Statistical analysis

We conducted a mixed design ANOVA with repeated measures on our data: 3 (presentation mode: dynamic text-based agent vs. voice-based agent vs. static text-based encyclopedia) × 2 (set: A and B) × 2 (accuracy: low and high) × 3 (topic, referring to the order in each set). We categorized presentation mode and set as between-subjects factors, whereas accuracy and topic formed within-subjects factors. To investigate the processes underlying the relationship between presentation mode and perceived information credibility, a parallel multiple mediator model was estimated using PROCESS model 4 with 10,000 bootstrap samples⁵³. We included presentation mode as a Helmert-coded independent variable by first comparing the static text-based encyclopedia to the voice-based agent and the dynamic text-based agent using the following coding scheme: –2/3 (static text-based encyclopedia), + 1/3 (voice-based agent), + 1/3 (dynamic text-based agent). We then compared the voice-based agent to the dynamic text-based agent using the coding scheme 0 (static text-based encyclopedia), –1/2 (voice-based agent), + 1/2 (dynamic text-based agent).

Experiment 2

Design and participants

We employed a 3 (presentation mode: dynamic text-based agent vs. voice-based agent vs. static text-based encyclopedia; between-subjects-factor) × 2 (information accuracy: low vs. high; within-subjects factor) × 2 (branding: branded vs. unbranded; between-subjects factor) × 2 (set A vs. B, between-subjects factor) mixed factorial experimental design. After providing written informed consent, participants were randomly assigned to one of six combinations of presentation mode and branding. In each condition, we presented participants with four questions and answers that varied in accuracy. We counterbalanced the low and high accuracy answers by randomly assigning participants to one of two sets: Low accuracy answers in set A (low: Appendicitis, Hookah) were presented with high accuracy answers in set B (low: Slovenia, Titanic) and vice versa (see Table S8 of the online supplemental materials for detailed absolute cell sizes). The study received ethics approval from the IRB of the first author’s institution (Ethics Committee of the Leibniz-Institut für Wissensmedien) and all methods were performed in accordance with the relevant guidelines and regulations. We preregistered the study on the Open Science Framework (OSF) platform: https://osf.io/yps8k.

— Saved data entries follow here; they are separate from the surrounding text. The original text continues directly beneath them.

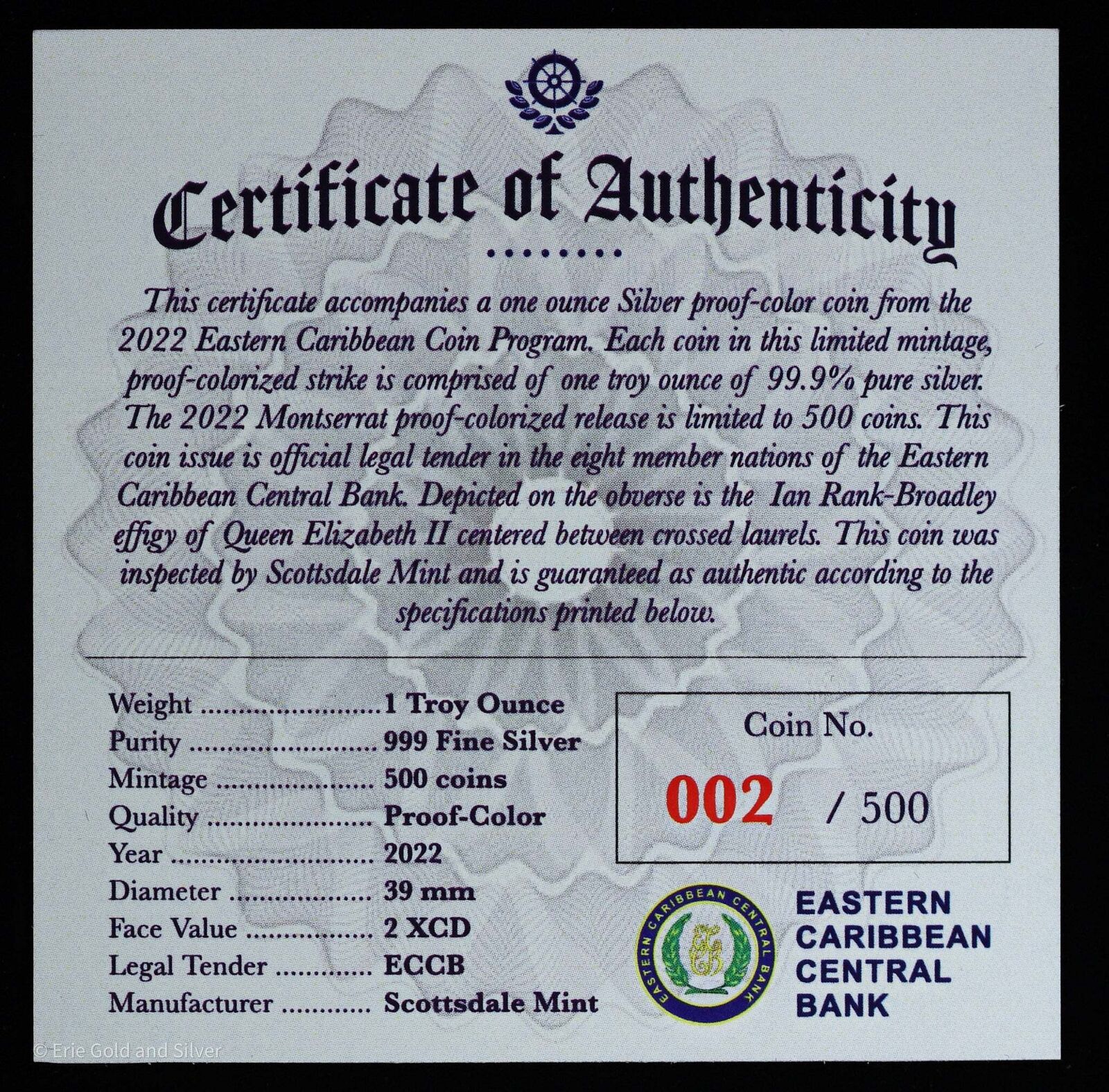 For sale is a 2022 Monsterrat 1 oz Silver Proof Turtle Colorized Coin # 001 w/ OGP. View pictures for details and condition. View pictures for details and condition, the coin pictured is the exact coin you will receive. Feel free to contact us with any questions.
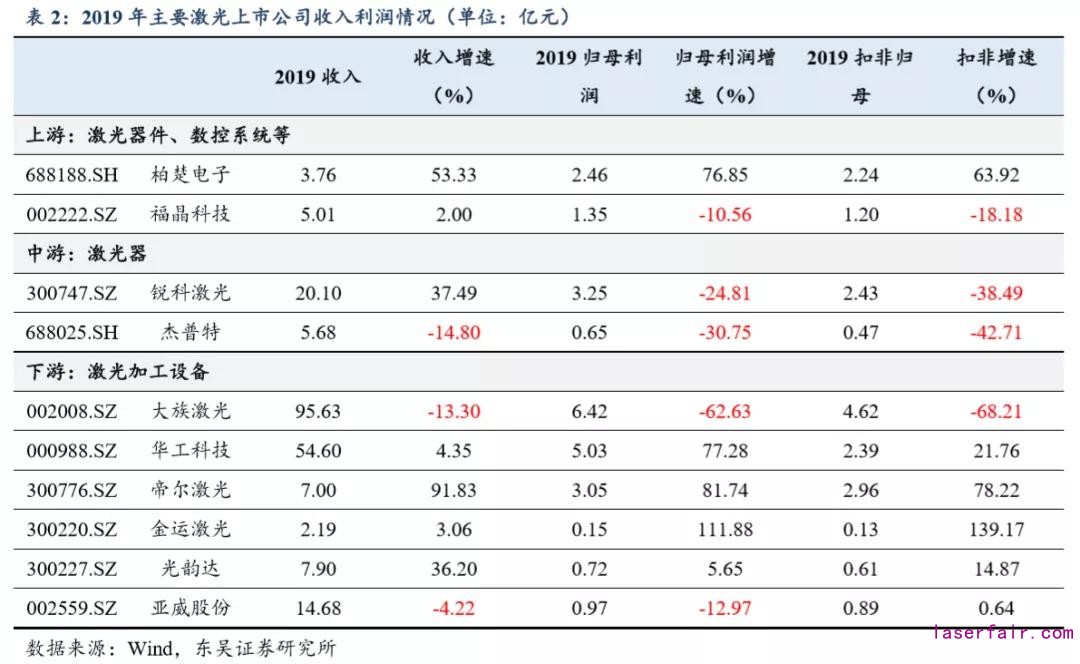 從(cong) 產(chan) 業(ye) 鏈來看,激光器承壓更為(wei) 明顯,激光加工設備受應用行業(ye) 不同出現分化。中遊激光器企業(ye) 銳科激光、傑普特和上遊激光晶體(ti) 企業(ye) 福晶科技業(ye) 績下滑幅度較大,我們(men) 認為(wei) 主要係激光器價(jia) 格戰導致公司營收和盈利能力承壓。下遊激光加工設備企業(ye) 華工科技、帝爾激光分別受益於(yu) 5G 投資力度加大、光伏行業(ye) 高增速,業(ye) 績表現靚麗(li) ,而部分激光加工設備企業(ye) 的業(ye) 績良好表現也帶動了激光切割設備數控係統龍頭柏楚電子整體(ti) 業(ye) 績高增。大族激光業(ye) 績大幅下滑主要係消費電子大客戶設備需求周期性下滑及中美貿易摩擦導致部分客戶資本開支趨於(yu) 謹慎。
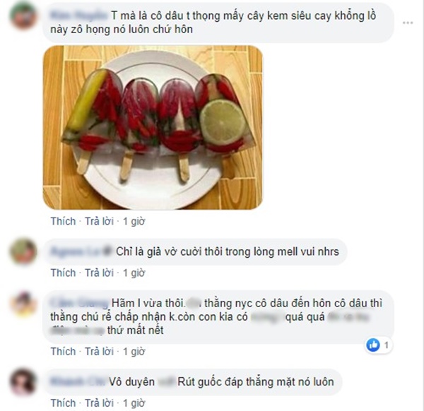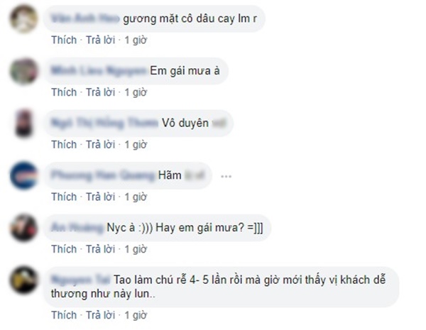 Một tài khoản tên M.H bình luận: “Tôi mà là cô dâu, tôi đã tặng mấy cây kem siêu cay khổng lồ chứ hôn gì” để thể hiện sự bất mãn. Những bình luận như “Vô duyên”, “Hãm”, “Em gái mưa à hay người yêu cũ” xuất hiện khá nhiều dưới bài đăng.
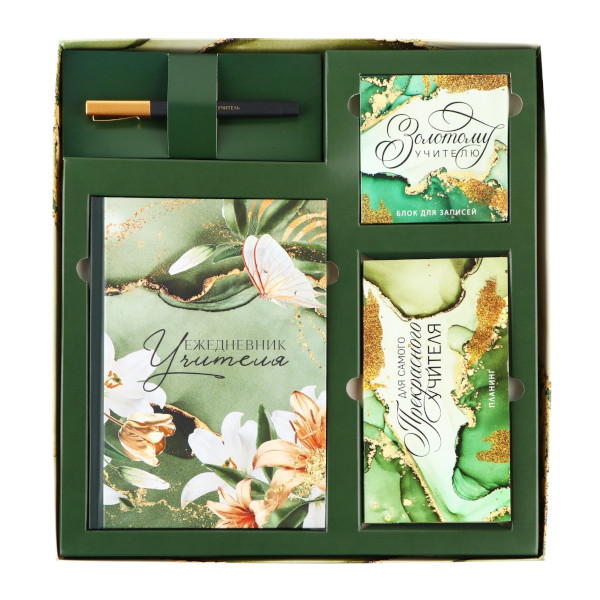 Набор подарочный ежедневник, планинг, ручка, блок бумаги "Золотому учителю" 7701673 ArtFox
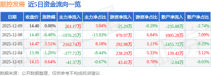 证券之星消息,截至2025年12月9日收盘,顺控发展(003039)报收于14.4元,上涨0.0%,换手率0.97%,成交量5.96万手,成交额8600.58万元。
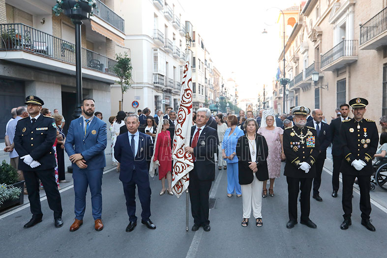 El arcipreste y párroco Antonio Fernández fue tras la Virgen, abriendo el acompañamiento de un grupo de devotos. Seguía con la representación municipal con el alcalde Manuel Barón al frente y la concejal más joven, Marta González, portando el Pendón de Antequera. Por último la Banda de Música Vera Cruz de Almogía.
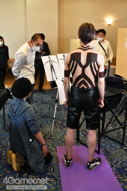 例えばツノのような髪ですが,「絵的には入らないので端折って大丈夫です」と伝えるまで,どのように再現するか悩まれていましたし,体に浮かぶライトブルーのラインも,模様全体を“身体からにじみ出てきたもの”という風に見せたいことや,ゲームのキャラクターだからこそ成立する色で,実際に人間の肌に塗るとペイントに見えてしまうのでそこはやめましょうと話しました。
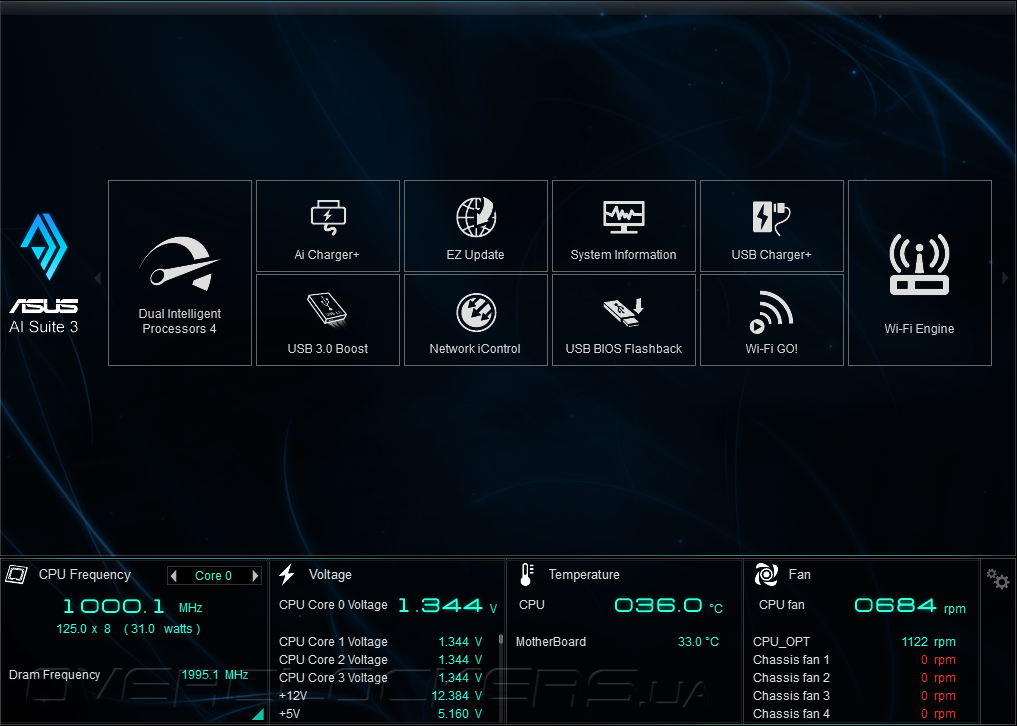 Итак, основной инструмент по настройке системы из ОС — это обновлённый программный пакет ASUS Ai Suite 3. В нижней части всегда находится раздел мониторинга в независимости от активной вкладки, что очень удобно.
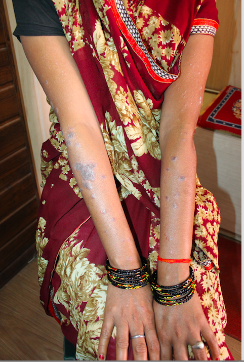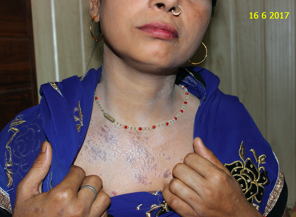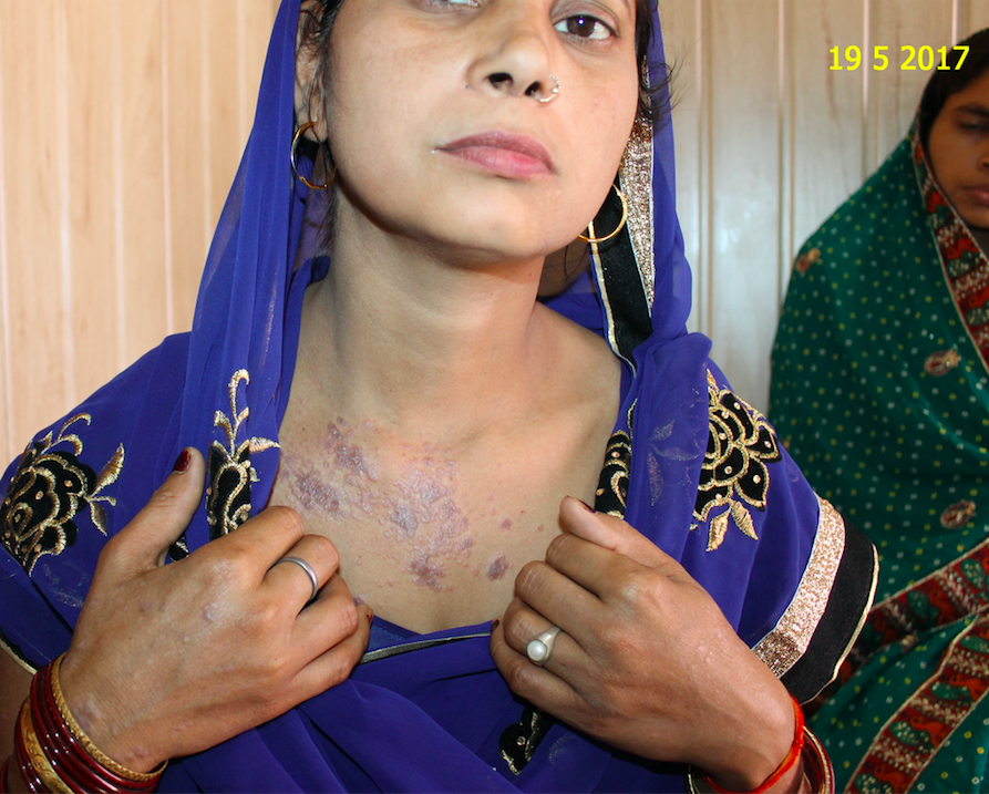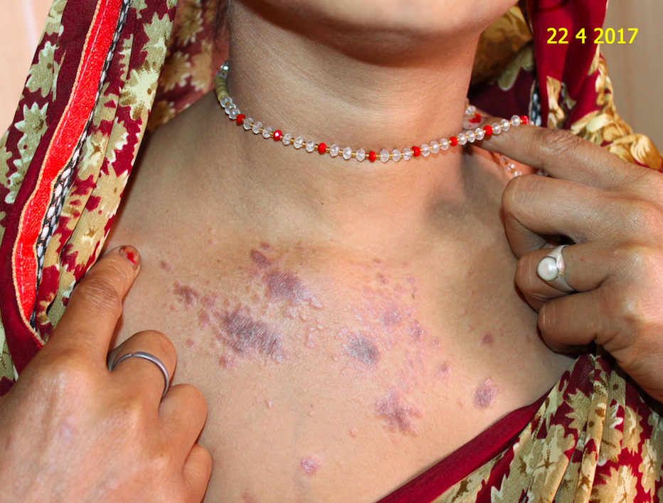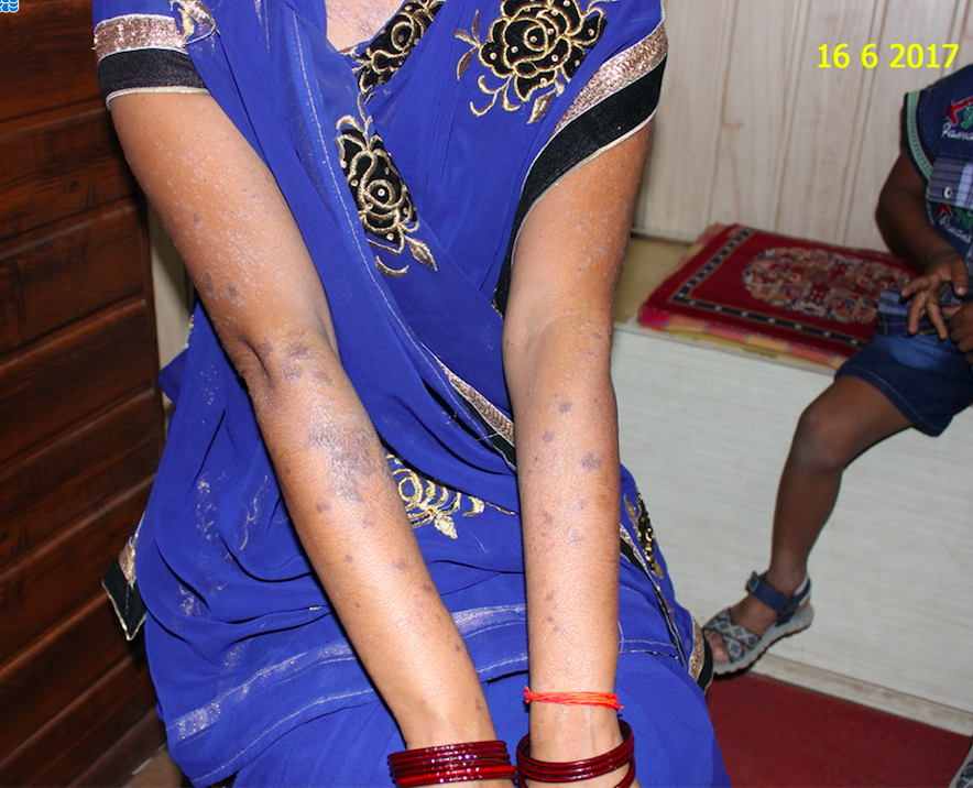 This is the story of Kusum Tiwari, a housewife, from Baradolia, a small place in District Balrampur. She was suffering from a disease called Lichen Planus for last 2 years. Lichen planus is an inflammatory skin condition, characterized by an itchy, non-infectious rash. It consists of small, many-sided, flat-topped, pink or purple bumps. Lichen planus is a non-infectious, inflammatory skin disorder.

We defined a smallest effect size of interest (SESOI) for all hypotheses and research questions, including the a and b paths in the mediation models, a priori. A SESOI of d = 0.20/Pearson’s r = 0.10 seemed plausible according to meta-analytical effect sizes in communication research and social psychology and Cohen's benchmarks. Thus, everything below we deemed to be practically irrelevant, even if significant. We based our sample size considerations on an apriori safeguard power analysis⁵⁴ for the effect of presentation mode on perceived information credibility. Considering the results of Experiment 1, the smallest contrast was between Alexa and ChatGPT (voice vs. dynamic text): d = 0.31. Based on a safeguard power analysis using the lower bound of a 60% CI⁵⁴, d = 0.24, a significance level of α = 0.05, and a power = 0.80, a sample size of 648 was required. Similar to Experiment 1, we expected around 10% of participants to search for information online while taking the experiment. Because we intended to exclude those participants, we recruited a total of N = 716 participants. Participants from the UK with a minimum age of 18 and fluent in English were recruited via Prolific in October 2023. They received 2.25 GBP for taking part in the experiment. Following our preregistration, we excluded participants who reported that they had searched for the presented information online (n = 50); again, fact-checking did not differ between presentation modes (χ² = 0.69, p = 0.71). The final sample comprised N = 666 participants (n_female = 330, M_age = 41.96, SD_age = 13.28). Most participants (n = 412) had studied or were currently studying at a higher education institution. Two hundred and twenty-six participants were assigned to the static text-based encyclopedia condition. The voice-based and dynamic text-based agent conditions comprised 224 and 216 participants, respectively. Three-hundred and thirty-four participants saw a branded and 332 participants saw an unbranded presentation mode. Three-hundred and thirty-four participants saw Set A and 332 participants saw Set B.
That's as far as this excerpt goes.